To do: When you give the entries again, keep every word as it stands and drop the pictures.

Material to process:
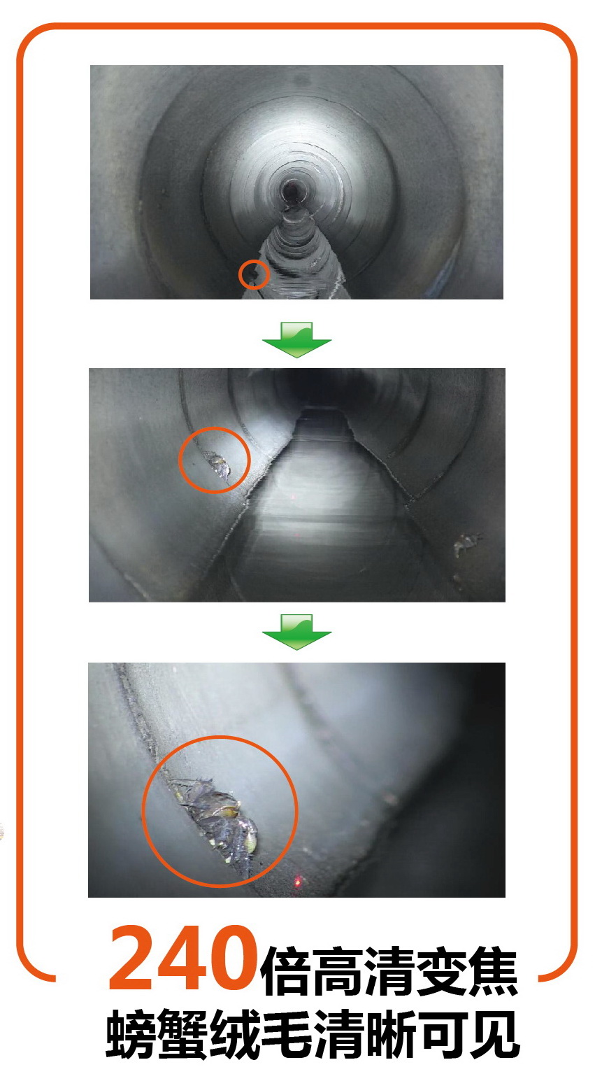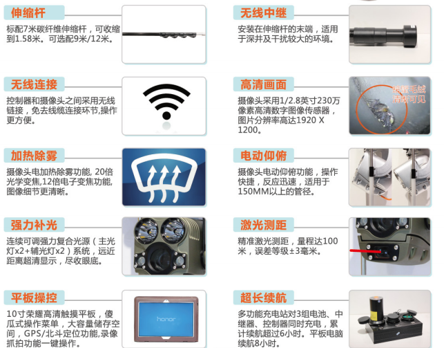 高清無線潛望鏡可用于快速檢測(cè)、診斷管道內(nèi)部狀況,在檢測(cè)過程中,視頻將通過無線信號(hào)傳輸?shù)绞殖质焦I(yè)平板控制器上,可以方便地通過觸摸屏上的虛擬按鈕,控制機(jī)頭的俯仰,從而獲取管道缺陷位置處的清晰圖像; 同時(shí)可抓取、保存缺陷圖像,錄入文字、缺陷代碼,疊加顯示并保存到視頻中,并可形成打印文檔。
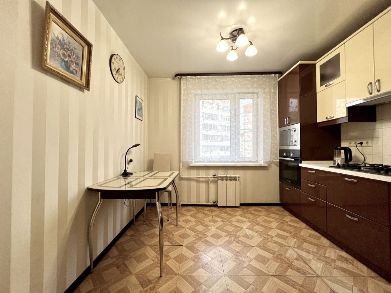 Продаётся светлая, просторная, не требующая вложений, двухкомнатная квартира площадью 52,8 кв. метров с учётом лоджии. Окна выходят на восток, поэтому солнце освещает квартиру утром, а жарким летом нет палящего зноя. Кухня 9 кв. метров оборудована мебельным гарнитуром со встроенной качественной техникой: газовая плита, вытяжка, микроволновка, духовка. Гарнитур изготавливался полностью под заказ по индивидуальному дизайн-проекту. Столешница - натуральный цельный гранит. В комнате 12 кв. метров угловой шкаф, изготовленный по индивидуальному проекту, большой двухспальный диван, стенка под телевизор с полками, комод. Комната 17 кв. метров с выходом на благоустроенную лоджию 3 кв. метра. Вместительный шкаф для хранения одежды и вещей, мебельная стенка и рабочий стол.
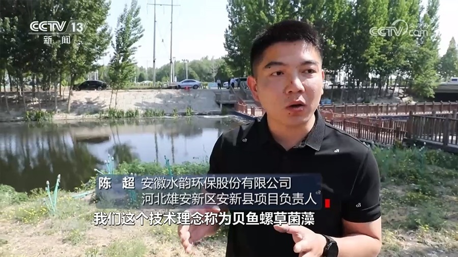 安徽水韻環(huán)保股份有限公司河北雄安新區(qū)安新縣項目負(fù)責(zé)人陳超:“水下是木樁搭的貝床。貝分為濾食性和刮食性,對水體里面浮游生物,尤其像菌藻類水里面的COD(化學(xué)需氧量)、氨氮、總磷,具有一定的消解作用。我們這個技術(shù)理念稱為貝魚螺草菌藻,也就是我們常說的大魚吃小魚、小魚吃蝦米,形成閉環(huán)生物鏈,讓這個水體自凈能力提升,能穩(wěn)定在三類到四類水。”
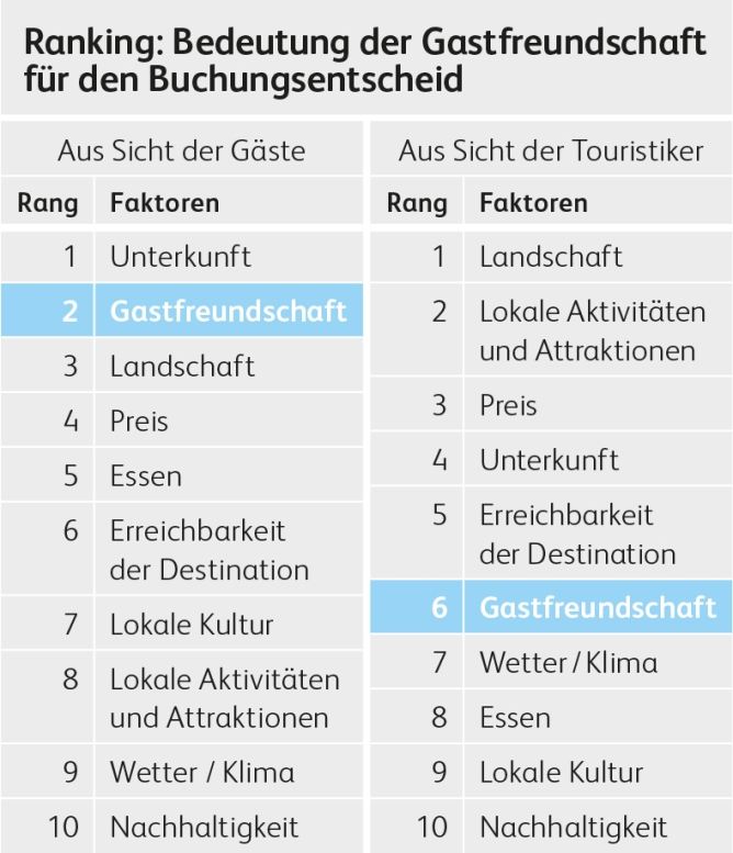 Einen tieferen Stellenwert hat die Gastfreundschaft bei denen, die sie anbieten müssen. Nur 26 Prozent der Touristiker hätten sie unter die drei wichtigsten Faktoren gesetzt, teilte die Hochschule mit. Aus ihrer Sicht seien die Landschaft und die lokalen Attraktionen wichtiger als die Gastfreundschaft.
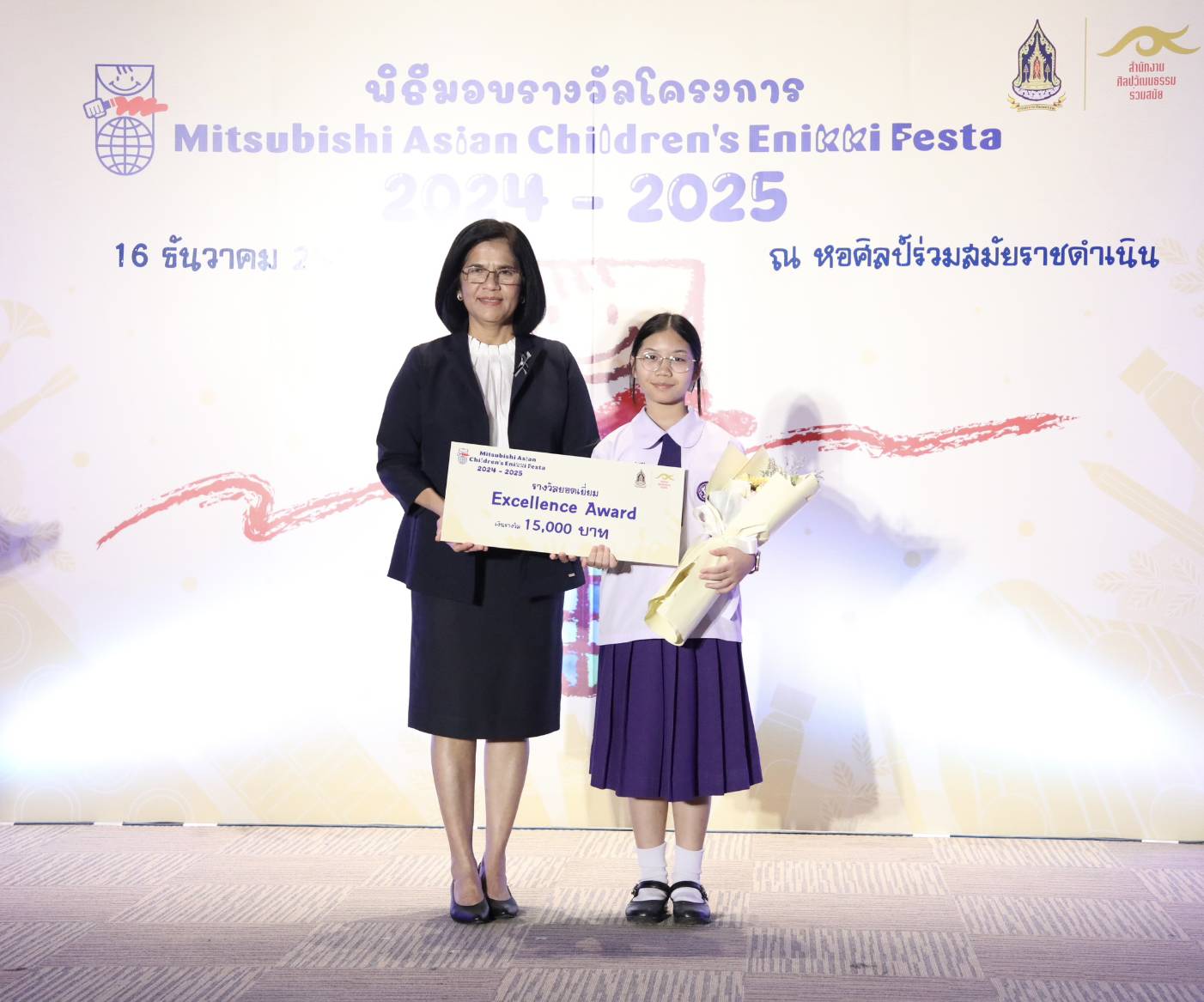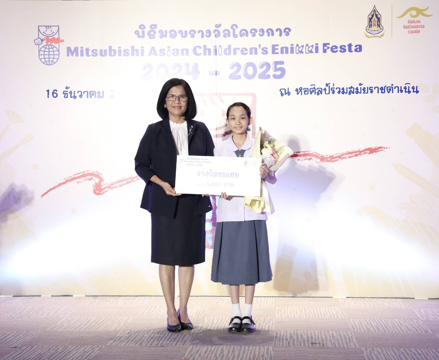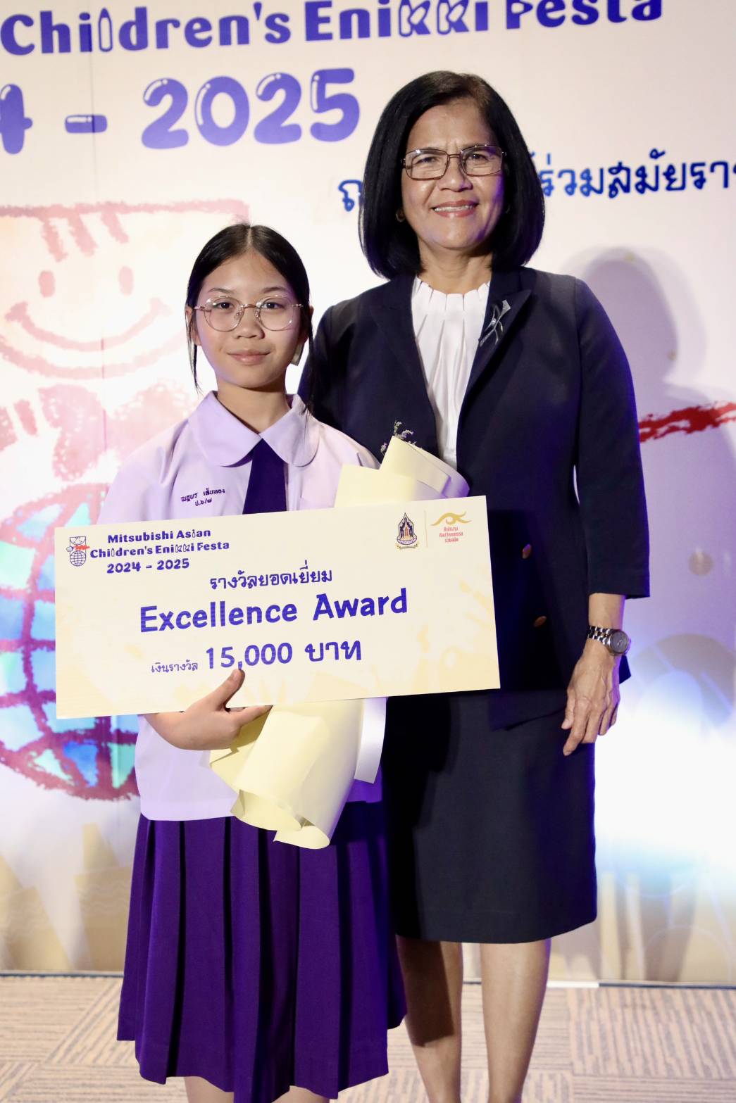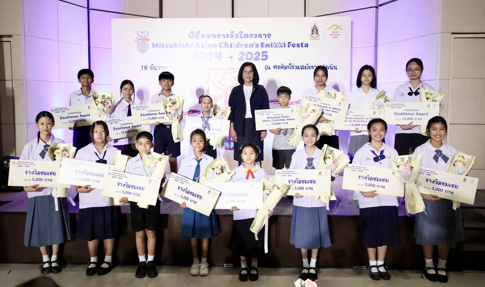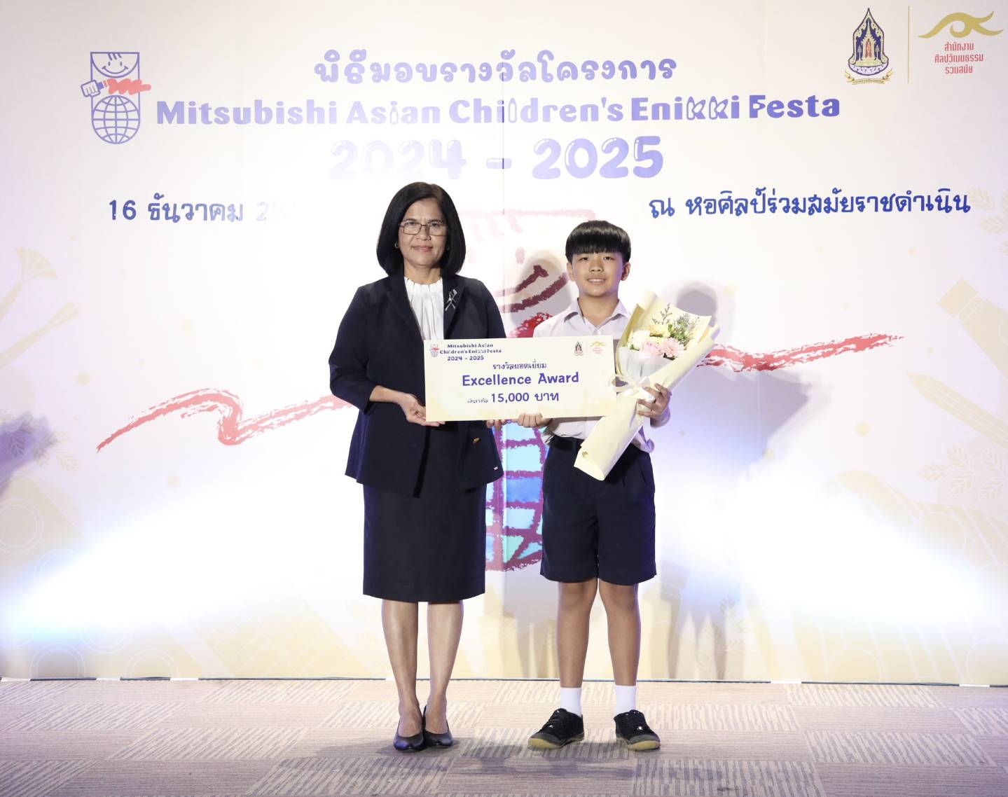 ทั้งนี้ สำนักงานศิลปวัฒนธรรมร่วมสมัย (สศร.) กระทรวงวัฒนธรรม (วธ.) จัด “โครงการ Mitsubishi Asian Children’s Enikki Festa 2024 – 2025” โดยได้รับการสนับสนุนงบประมาณดำเนินโครงการจาก National Federation of UNESCO Association in Japan (NFUAJ) เพื่อส่งเสริมให้เด็กอายุ 6-12 ปี ได้พัฒนาศักยภาพ สร้างสรรค์ผลงานศิลปะ ส่งเสริมความรักการอ่านและเขียน เผยแพร่ผลงานศิลปะและแลกเปลี่ยนเรียนรู้ศิลปวัฒนธรรมระหว่างประเทศ ซึ่งโครงการฯ ได้เปิดรับผลงานศิลปะจากเด็กที่มีอายุระหว่าง 6 -12 ปี จากทั่วประเทศ ในหัวข้อ “ชีวิตของฉันที่อยากจะแบ่งปันกับทุกคนในเอเชีย” โดยมีเด็กส่งผลงานเข้าร่วมโครงการฯ ทั้งหมด 693 คน จำนวน 2,079 ผลงาน ซึ่งคณะกรรมการคัดเลือกและตัดสินผลงานได้ตัดสินผลงานยอดเยี่ยมระดับประเทศ 8 รางวัล และรางวัลชมเชยระดับประเทศอีก 10 รางวัล รวมทั้งสิ้น 18 รางวัล

Exercise result:
 高清無線潛望鏡可用于快速檢測(cè)、診斷管道內(nèi)部狀況,在檢測(cè)過程中,視頻將通過無線信號(hào)傳輸?shù)绞殖质焦I(yè)平板控制器上,可以方便地通過觸摸屏上的虛擬按鈕,控制機(jī)頭的俯仰,從而獲取管道缺陷位置處的清晰圖像; 同時(shí)可抓取、保存缺陷圖像,錄入文字、缺陷代碼,疊加顯示并保存到視頻中,并可形成打印文檔。
 Продаётся светлая, просторная, не требующая вложений, двухкомнатная квартира площадью 52,8 кв. метров с учётом лоджии. Окна выходят на восток, поэтому солнце освещает квартиру утром, а жарким летом нет палящего зноя. Кухня 9 кв. метров оборудована мебельным гарнитуром со встроенной качественной техникой: газовая плита, вытяжка, микроволновка, духовка. Гарнитур изготавливался полностью под заказ по индивидуальному дизайн-проекту. Столешница - натуральный цельный гранит. В комнате 12 кв. метров угловой шкаф, изготовленный по индивидуальному проекту, большой двухспальный диван, стенка под телевизор с полками, комод. Комната 17 кв. метров с выходом на благоустроенную лоджию 3 кв. метра. Вместительный шкаф для хранения одежды и вещей, мебельная стенка и рабочий стол.
 安徽水韻環(huán)保股份有限公司河北雄安新區(qū)安新縣項目負(fù)責(zé)人陳超:“水下是木樁搭的貝床。貝分為濾食性和刮食性,對水體里面浮游生物,尤其像菌藻類水里面的COD(化學(xué)需氧量)、氨氮、總磷,具有一定的消解作用。我們這個技術(shù)理念稱為貝魚螺草菌藻,也就是我們常說的大魚吃小魚、小魚吃蝦米,形成閉環(huán)生物鏈,讓這個水體自凈能力提升,能穩(wěn)定在三類到四類水。”
 Einen tieferen Stellenwert hat die Gastfreundschaft bei denen, die sie anbieten müssen. Nur 26 Prozent der Touristiker hätten sie unter die drei wichtigsten Faktoren gesetzt, teilte die Hochschule mit. Aus ihrer Sicht seien die Landschaft und die lokalen Attraktionen wichtiger als die Gastfreundschaft.
 ทั้งนี้ สำนักงานศิลปวัฒนธรรมร่วมสมัย (สศร.) กระทรวงวัฒนธรรม (วธ.) จัด “โครงการ Mitsubishi Asian Children’s Enikki Festa 2024 – 2025” โดยได้รับการสนับสนุนงบประมาณดำเนินโครงการจาก National Federation of UNESCO Association in Japan (NFUAJ) เพื่อส่งเสริมให้เด็กอายุ 6-12 ปี ได้พัฒนาศักยภาพ สร้างสรรค์ผลงานศิลปะ ส่งเสริมความรักการอ่านและเขียน เผยแพร่ผลงานศิลปะและแลกเปลี่ยนเรียนรู้ศิลปวัฒนธรรมระหว่างประเทศ ซึ่งโครงการฯ ได้เปิดรับผลงานศิลปะจากเด็กที่มีอายุระหว่าง 6 -12 ปี จากทั่วประเทศ ในหัวข้อ “ชีวิตของฉันที่อยากจะแบ่งปันกับทุกคนในเอเชีย” โดยมีเด็กส่งผลงานเข้าร่วมโครงการฯ ทั้งหมด 693 คน จำนวน 2,079 ผลงาน ซึ่งคณะกรรมการคัดเลือกและตัดสินผลงานได้ตัดสินผลงานยอดเยี่ยมระดับประเทศ 8 รางวัล และรางวัลชมเชยระดับประเทศอีก 10 รางวัล รวมทั้งสิ้น 18 รางวัล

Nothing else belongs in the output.